Geometrical transformations are widely discussed in the field of digital image processing such as high-definition television(HDTV), image recognition, interactive computer graphics and vision processing [1,2,3]. The primary interest of these transformations is to project an image in a different domain, to extract additional signal conveying the information of the image. Moreover, it affords value-added images over the conventional displaying via the high resolution, definition, and flexible framing. Consequently, a geometrical mapping processor is about to appear to support a real-time processing. In recent years, several geometrical mapping processing modules have been developed and applied successfully for an appropriate application, They are implemented either by popular graphics package or application software accompanying an acceleration box [5], or a VLSI Processor [6]. We are interested in a VLSI implementation of a processor to realize a real-time speed for TV image processing, with a sufficient set of transformations to make a value-added display.

It has been known that two barriers have existed toward the development of such a processor. The first is the lack of a sufficiently high-speed arithmetic computation technique to generate the mathematical functions required for geometrical mapping. The second is the need for an extensive library of geometrical mapping functions. To overcome these, two key techniques have been developed in [4,6]: The first is a very high speed radix-2 signed-digit adder and the second is a pipelined micro-programmable arithmetic function generator. In this paper, we study the same problem with the goal of optimizing the overall functionality and performance. We achieve this goal by improving the basic cell.

In the following section, we will review the requirement of the geometrical mapping processor by introducing its definition and applications. In Section 3, we will study various CORDIC schemes to implement a basic cell, which can be used to compose the necessary function set for the geometric transformations.

-

:

INTERVISE IN MALE IN CONTRACTOR IN THE PARTY

-

# 2 Geometrical Mapper

Transformation of a sub-image requires a mapping of the sub-image from one point to the transformed, pixel by pixel. To rearrange the image, it is necessary to calculate the destination address of each pixel, which is called a geometrical mapper

In the field of plane projective geometry, transformation from a point to another point is represented as a multiplication in homogeneous coordinates [10]. Let a 2-dimensional (2-D) point  $p_x = (x, y)$  is represented as (ax, ay, a) in right-handed homogeneous coordinates, with a non-zero constant a. The vector  $p_x$  is referenced to an origin (0, 0). The most useful transformations are translation, scaling and rotation, examples of which are respectively defined as:

Trans(x, d): translating  $p_x$  to (x + d, y) $Rot(x, \theta)$ : rotating the vector  $p_x$  by an angle of  $\theta$  about x-axis Scale(x, c): scaling the vector  $p_x$  by c along x-axis.

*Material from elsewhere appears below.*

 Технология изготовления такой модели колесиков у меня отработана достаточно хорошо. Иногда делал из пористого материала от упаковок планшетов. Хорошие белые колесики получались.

$$(x, y) \cdot Trans(x, d) = (x + d, y)$$
  

$$(x, y) \cdot Rot(x, \theta) = (x \cos \theta - y \sin \theta, x \sin \theta + y \cos \theta)$$
  

$$(x, y) \cdot Scale(x, c) = (cx, y)$$
(1)

Or, the composite of 3 different transformations in 2-D is represented by

$$T = \begin{vmatrix} c \cdot \cos\theta & \sin\theta & 0 \\ -c \cdot \sin\theta & \cos\theta & 0 \\ cd & 0 & 1. \end{vmatrix},$$
(2)

which is called an affine transformation. The affine transformation is performed via a set of multiplication and trigonometric function.

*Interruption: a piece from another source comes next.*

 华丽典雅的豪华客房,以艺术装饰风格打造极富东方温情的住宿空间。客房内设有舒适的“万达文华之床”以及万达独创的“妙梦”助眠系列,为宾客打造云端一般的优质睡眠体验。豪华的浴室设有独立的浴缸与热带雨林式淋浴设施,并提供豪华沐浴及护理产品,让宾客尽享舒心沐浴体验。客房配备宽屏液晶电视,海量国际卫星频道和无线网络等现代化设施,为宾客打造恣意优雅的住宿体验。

Easily observed, the affine transformation is a necessary transformation to map a subimage into another area of the image domain, with sliding, re-sizing and proper rotation. Its immediate applications include sub-image generation for the multiple picture-in-picture (PIP) TV, image template generation for the recognition and vision/graphics processing

Further sophisticate transformation useful for the general image processing is the spherical, which basically transforms between the plane and sphere surfaces. A spherical transformation from  $p_x$  to  $q_x = (u, v)$  can be represented by using a set of elementary functions,

(]-J

such as square root, division, and squaring operations.

$$u = \frac{rx}{\sqrt{r^2 - x^2 - y^2}}$$
  
$$v = \frac{ry}{\sqrt{r^2 - x^2 - y^2}},$$
(3)

where r denotes the curvature degree of sphere surface. A conventional way to implement the transformations starts from a software package, i.e., interactive graphics package. To implement a dedicate hardware, possibly a set of modular structures in VLSI, it is necessary to figure out a basic cell of those functions, and there has been two different approach: the first based on a set of elementary function generators and the second on a programmable module. For the first approach, fast function generators are necessary and the performance is limited by the slowest function generator. Apparently, the trigonometric functions are the bottleneck while being implemented via the first idea. To optimize the trigonometric function generation, while considering the regularity of its structure, CORDIC has been suggested the recursiveness of the CORDIC iteration has been misleading a concept that the second approach is not usually better than the first one.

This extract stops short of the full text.